Snapdeal’s cloud solution has been built and operationalised in under a year and is timed to handle long-term growth in traffic
Online marketplace Snapdeal today announced the launch of its private cloud platform, Cirrus, to help the company offer a more frictionless, reliable experience to customers and help save costs. This move will enable Snapdeal to ensure that business growth is augmented with platform speed, security, and stability.
The private cloud solution has been built and operationalised in under a year and is timed to handle long-term growth in traffic, Snapdeal said in a statement. The launch follows a sustained increase in online traffic at Snapdeal and will also satiate fast growing demand for crunching big data “to build personalised and relevant experiences for consumers,” it added.
“Snapdeal was born in the cloud, but public clouds stopped being cost efficient after a scale, which became the case for Snapdeal sometime last year. In a short span of 10 months, we have succeeded in building an extremely resilient, scalable and secure solution,” Rajiv Mangla, Chief Technology Officer, Snapdeal said.
The cloud is built entirely on open source with OpenStack at the centre, making it among the largest OpenStack deployments of a hybrid cloud in the world. The cloud spans three data centre regions, with a dense server architecture of 100,000 cores and 16 Peta bytes of storage.

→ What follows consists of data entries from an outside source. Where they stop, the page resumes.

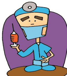
7. Il est docteur
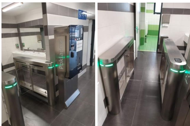
Obrázek B.1 - Turniket - dvoukřídle provedení (Speed Gate)
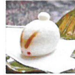
やまとうさぎまんじゅう
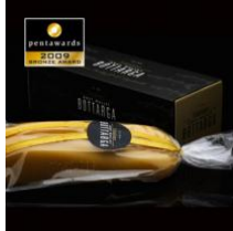
Τrikalinos Αυγοτάραχο Αφυδατωμένο & τριμμένο Ελληνικό Αυγοτάραχο Ανώτατης Ποιότητας Ελληνικό Αυγοτάραχο
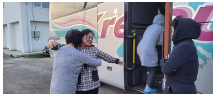
LA동포들의 성금으로 Moldova를 떠나 Romania로의 떠나는 우크라이나 동포들 With donations from Korean Americans in LA, Korean Ukrainian refugees in Moldova were safely evacuated to Romania
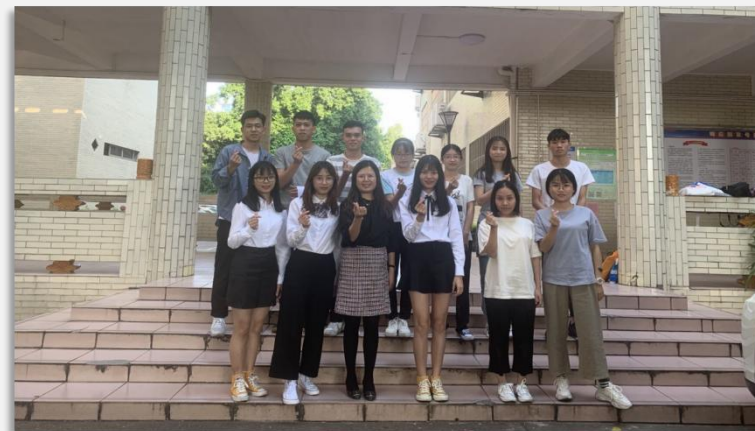
授课老师与学员合影
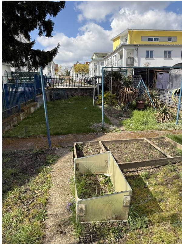
Garten rechter Bereich
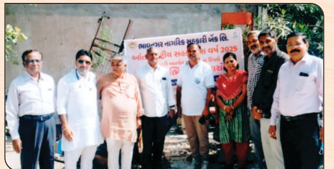
સહકારીતા વર્ષ-૨૦૨૫ ના ઉજવણીના ભાગરૂપે સ્વચ્છતા અભિયાનમાં ઉપસ્થિત મેયરશ્રી તથા બેંકના ચેરમેનશ્રી, વાઈસ ચેરમેનશ્રી તથા બેંકના ડીરેક્ટરશ્રીઓ
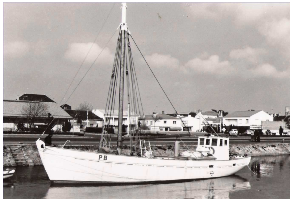
et peu avant sa réforme.
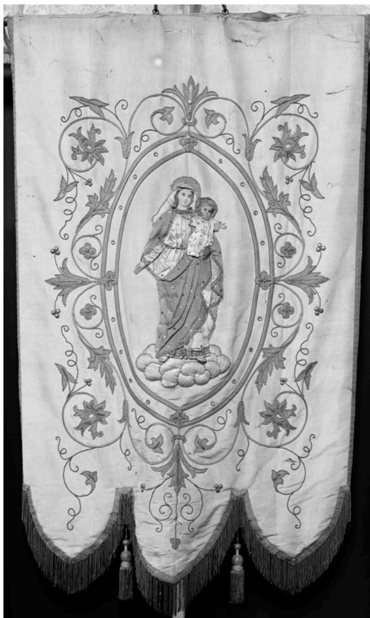
Bannière, 1922 : Vierge à l'Enfant.
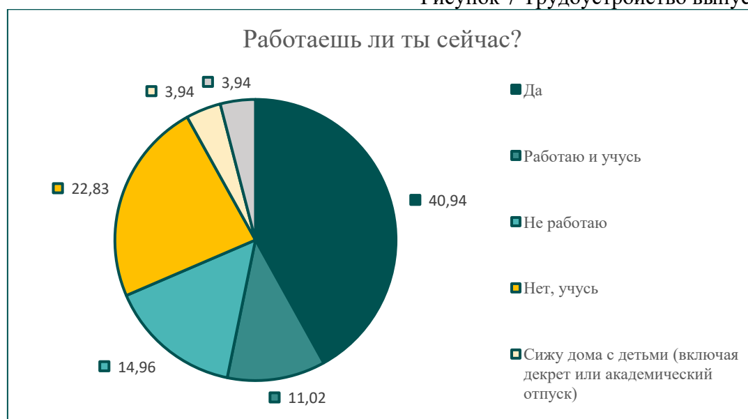
Рисунок 7 Трудоустройство выпускников (%)

Неофициальное трудоустройство большинства выпускников детских домов свидетельствует о ряде важных факторов. В нашем опросе формат трудоустройства распределился следующим образом:
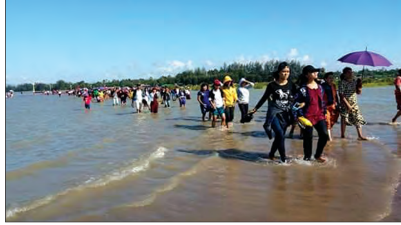
ရေးမြို့နယ်အတွင်း ကမ်းခြေတစ်ခုတွင် လာရောက်အပန်းဖြေသူများ

ရေး နိုဝင်ဘာ ၁၇ မွန်ပြည်နယ် ရေးမြို့နယ်အတွင်း ရေး၊ လမိုင်းနှင့် ခေါဇာ မြို့များရှိ မြို့ပေါ်ရပ်ကွက် ၁၄ ရပ်ကွက်နှင့် ကျေးရွာအုပ်စု ၃၀၊ ကျေးရွာပေါင်း ၁၃၉ ရွာတွင် နေထိုင်ကြသည့် လူဦးရေ ၂၆၀၀၀၀ ကျော် အနေဖြင့် ၂၀၁၅-၂၀၁၆ ခုနှစ် တစ်နှစ်တာအတွင်း လူတစ်ဦးချင်းဝင်ငွေမှာ ကျပ် ၁၅၅၀၀၀၀ ကျော်ရှိကြောင်း မြို့နယ်စီမံကိန်းဦးစီးဌာန ရုံးမှ တစ်ဖက်ဖက်မှ သိရသည်။ ရေးမြို့နယ်သည် အကျယ်အဝန်း စတုရန်းမိုင် ၁၀၅၅ ဒဿမ ၂၄ မိုင် (၆၉၄၅၅၀ ဧက)ရှိကြောင်း၊ မွန်ပြည်နယ် ၁၀ မြို့နယ်အနက် အကျယ်အဝန်းဆုံးမြို့နယ်လည်းဖြစ်ပြီး ရော်ဘာ၊ ကွမ်းသီး၊ ဥယျာဉ်ခြံလုပ်ငန်းများ လုပ်ကိုင်ကြ ကြောင်း၊ အဓိကအားဖြင့် ရော်ဘာကုန်ကြမ်းများကို တန်ဖိုးမြင့်ကုန်ချော ထုတ်လုပ်နိုင်ခြင်းဖြင့် ပြည်တွင်း ဈေးကွက်၌ ဈေးကောင်းရရှိမည်အပြင် စက်ရုံအလုပ်ရုံ များကို ရင်းနှီးမြှုပ်နှံ လုပ်ကိုင်လာပါက ဒေသအတွင်း အလုပ်အကိုင်အခွင့်အလမ်းများ ပိုမိုရရှိလာနိုင်ကြောင်း မြို့နယ်စီမံကိန်းဦးစီးဌာနမှူး ဦးမြတ်အောင်က ပြော သည်။ ရေးမြို့နယ်သည် ဒေသတွင်း၌ ပင်လယ်ကမ်းရိုးတန်း အရှည်လျားဆုံးမြို့နယ်ဖြစ်၍ ပင်လယ်ကမ်းခြေကိုလည်း အများဆုံးပိုင်ဆိုင်ထားကာ ခရီးသွားလုပ်ငန်းများအနေ ဖြင့် ရေးပင်လယ်၊ ကဗျာပင်လယ်ကမ်းခြေ၊ ကော့ ဒွတ်ဘုရား ပင်လယ်ကမ်းခြေများရှိပြီး ထိုသို့ အပန်း ဖြေရန်နေရာများ အများအပြားရှိနေခြင်းကြောင့်
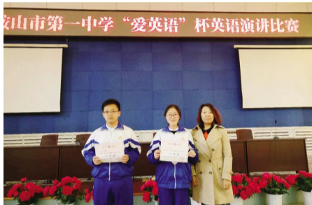
2017 年 4 月 27 日,英语组组织“爱英语”杯英语演讲比赛。
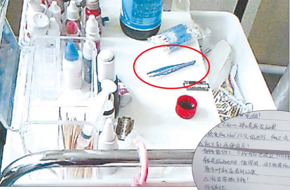
►朝山街上的 一家美容中心, 做折线手术的 镊子就随意放 在桌子上。

一条一条的,有的则不洗手直接用手 撕。美容师叮嘱记者,清洗过化妆品的 残渣后要将器皿擦干,而用来擦拭的 毛巾,床单都是桶里面顾客已经用过的。

Snapdeal recently launched a new premium membership service for customers called Snapdeal Gold. With this membership, customers will get free shipping, free upgrade to next-day delivery and extended purchase protection. Most of Snapdeal’s five million products will be covered with the Snapdeal Gold upgrade.
Back in July Snapdeal reduced the fee it charges from sellers in over 120 sub-categories after Flipkart and Amazon reduced their seller commissions. The reduction in fee ranges from 0.2 to 18 per cent.